In a story Saturday I mentioned claims about global energy usage for bitcoin “mining” – using computers to churn through complicated math computations to create new bitcoin. I used the parallel that it requires more energy than all of Ireland, one of several “more than X country” parallels I encountered.

But is that really true? It’s hard to know for sure in a distributed system like bitcoin, but there’s a good argument to be made that so much recent mining is done with ultra-efficient systems that the claims are wildly exaggerated.

Here is one of those arguments, which includes an excellent description of mining and economics of mining:

Bitcoin currently consumes mostly very cheap electricity. Miners race to the bottom of who can find the cheapest electricity, and everyone consuming electricity significantly larger than the average is forced to shut down their unprofitable operations.

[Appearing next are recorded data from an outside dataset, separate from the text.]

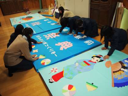 地域行事の「秋の祭典」が11日行われる。その祭典の看板制作の依頼を受け、美術部が奮闘中です。昨年度の看板もきれいだったけど、今年の看板も古都と秋がイメージできる素敵な看板になっています。完成が楽しみです。美術部の皆さん、ありがとう!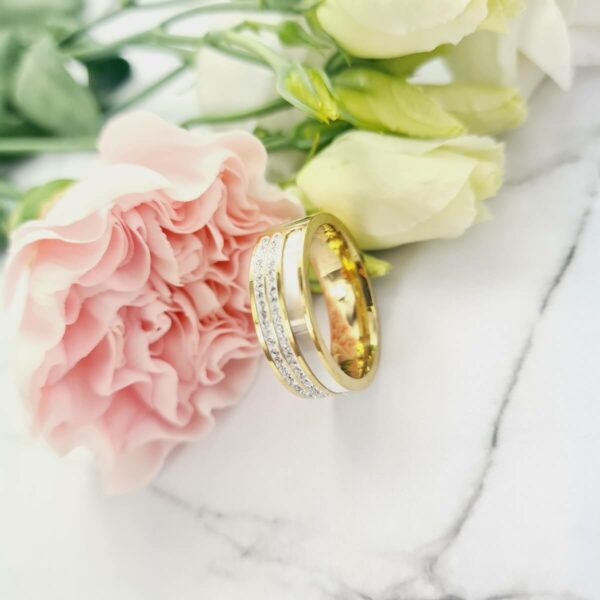 Pierścionek STAL CHIRURGICZNA obrączka linie cyrkonii Bardzo modna złota obrączka - dwie linie jasnymi cyrkonii i masa perłowa. Obrączka w całości wykonana ze stali chirurgicznej. Super jakość, cudownie błyszczą jasne cyrkonie w słońcu. Ekstra jakość PREMIUM. Szerokość obrączki 0,7 cm. Wybierz odpowiedni rozmiar. rozmiary (mierzone po wewnętrznej krawędzi): 7 - 1,8 cm, 8 - 1,9 cm, 9 - 2 cm, co to jest Stal chirurgiczna? Pierścionek wykonany z wysokiej jakości stali chirurgicznej 316L zwanej także nierdzewną lub szlachetną. Stal chirurgiczna 316L: ❤ nie zmienia koloru ❤ nie uczula ❤ nie reaguje z wodą!! Można jej praktycznie nie zdejmować. Biżuteria pozłacana (platerowana) 18k złotem oraz zabezpieczona lakierem jubilerskim który nadaje piękny połysk i zabezpiecza złocenie. Biżuteria jest antyalergiczna. Swój blask i kolor zachowa przez długi czas!! Świetna jakość wykonania. Stal chirurgiczna to wspaniała alternatywa dla często 10-krotnie droższej biżuterii wykonanej z metali szlachetnych takich jak złoto. Dzięki tak atrakcyjnej cenie możesz powiększać swoją kolekcję pięknej biżuterii na każdą okazję bez uszczerbku na domowym budżecie :)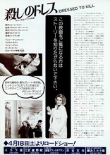 解説 夫とのセックスに満足できない人妻ケイトは分析医の治療を受けている。彼女は美術館で出会った行きずりの男との情事のあと、エレベーターの中で殺害された。事件を目撃した娼婦リズは、ケイトの息子ピーターとともに犯人捜査に乗り出すことにするが……。官能的なカメラワークが光る、B・デ・パルマお得意のサスペンス。A・ディキンソン、N・アレンという新旧スターのお色気も見もの。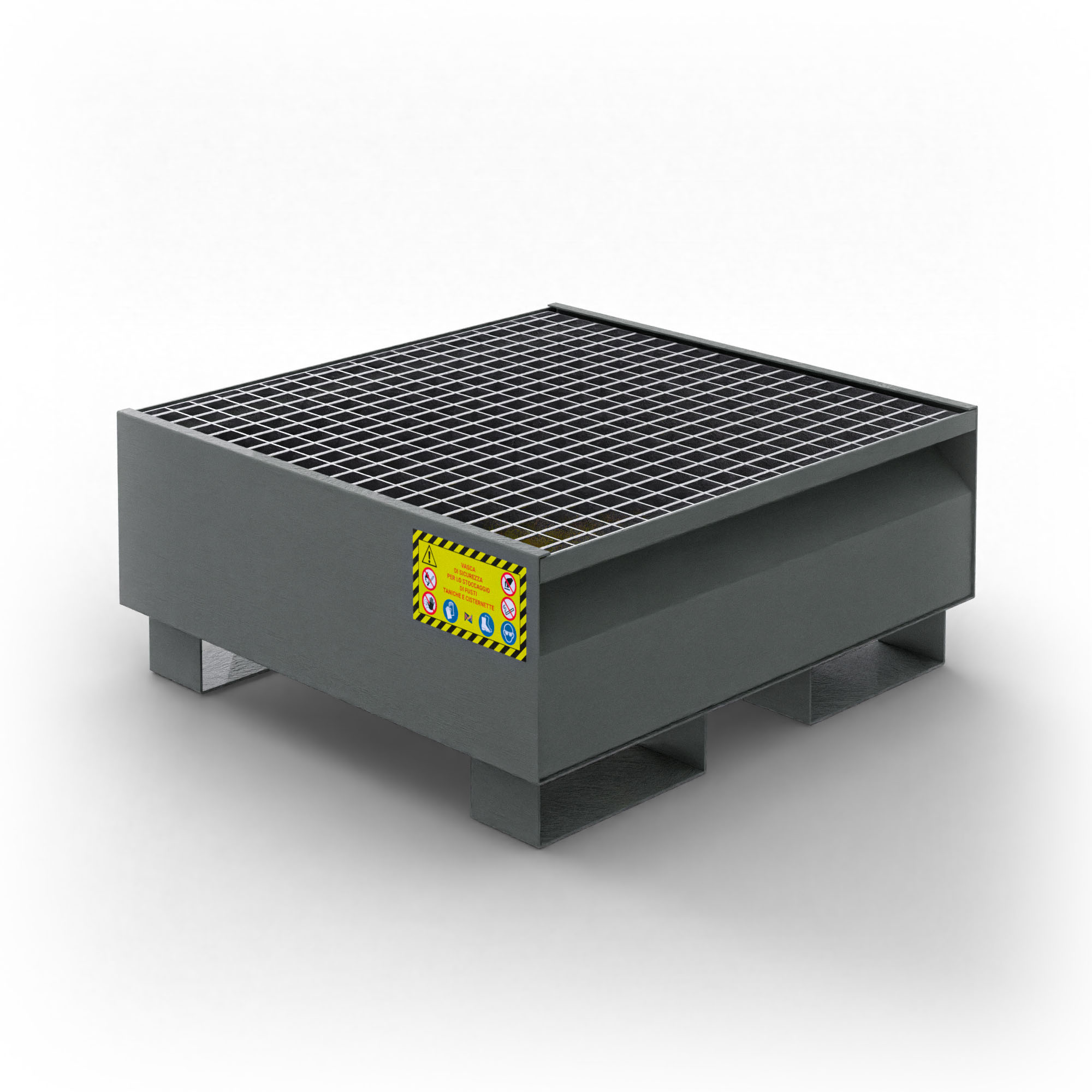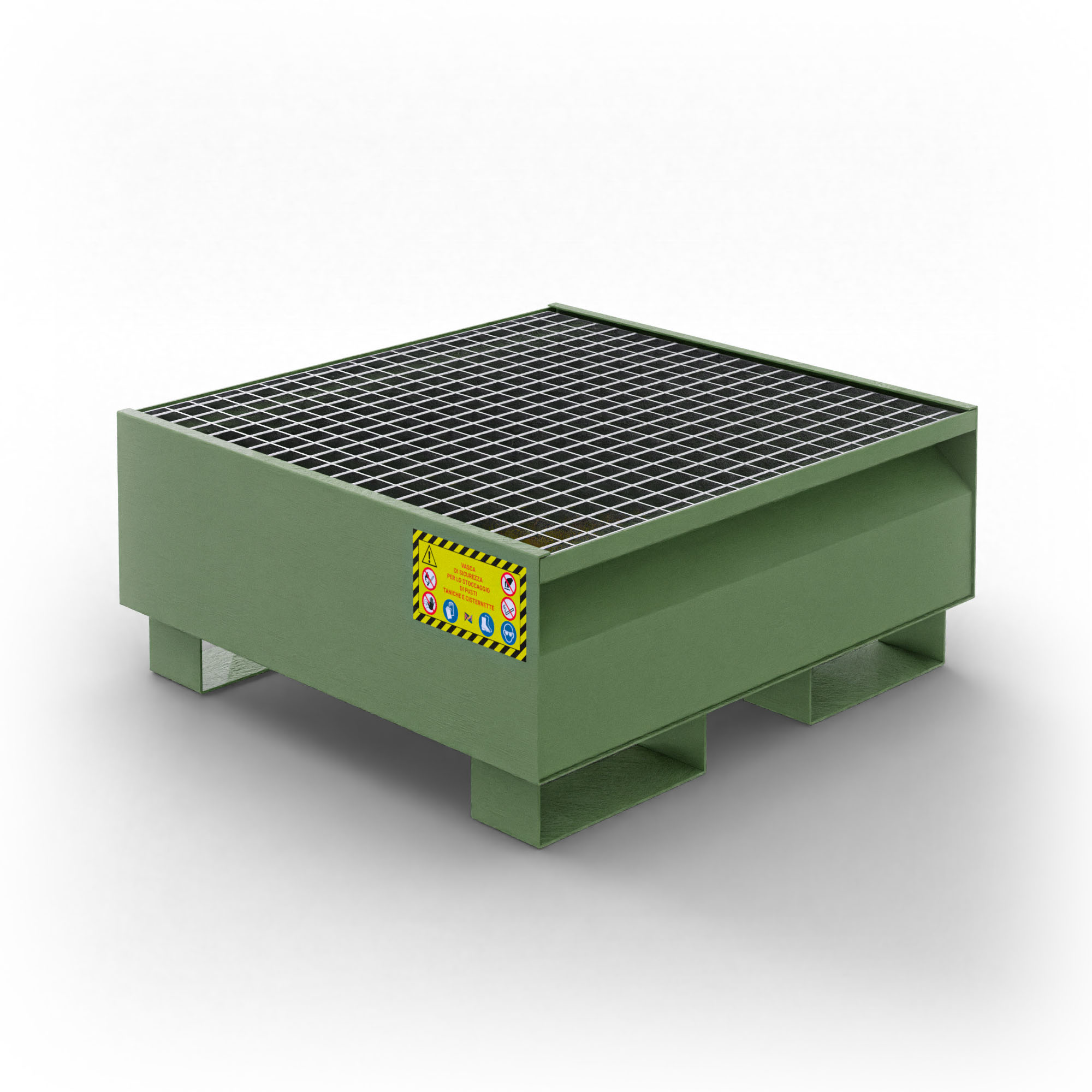 La Vasca di raccolta in metallo per fusti Needcontainers è progettata per trattenere liquidi pericolosi in caso di sversamenti. In questo modo, protegge il suolo e le falde acquifere. Grazie a questa soluzione, le aziende rispettano il Decreto Ministeriale 18.05.1995 e le normative europee. Inoltre, ogni unità supera severi test di tenuta prima della consegna.

As a result, Bitcoin mostly consumes electricity in places where it is abundant, cannot be stored or transported. Because oil, gas and coal are often trivial to transport, you very rarely find Bitcoin mining operations that consume these resources, because it would be more profitable to ship the energy to a place where it can be sold for more.

While some coal in landlocked and inaccessible locations is fired up in an environmentally unfriendly process to mine Bitcoins, most miners are powered by hydrogen dams, geysers and other geothermal energy sources that cannot be transported or stored.

Bitcoin will continue to seek those cheap and otherwise unused forms of electricity, while it will probably never be profitable to mine in urban or industrial centers. You are willing to pay more for your air-conditioning or water heating than a Bitcoin miner can afford.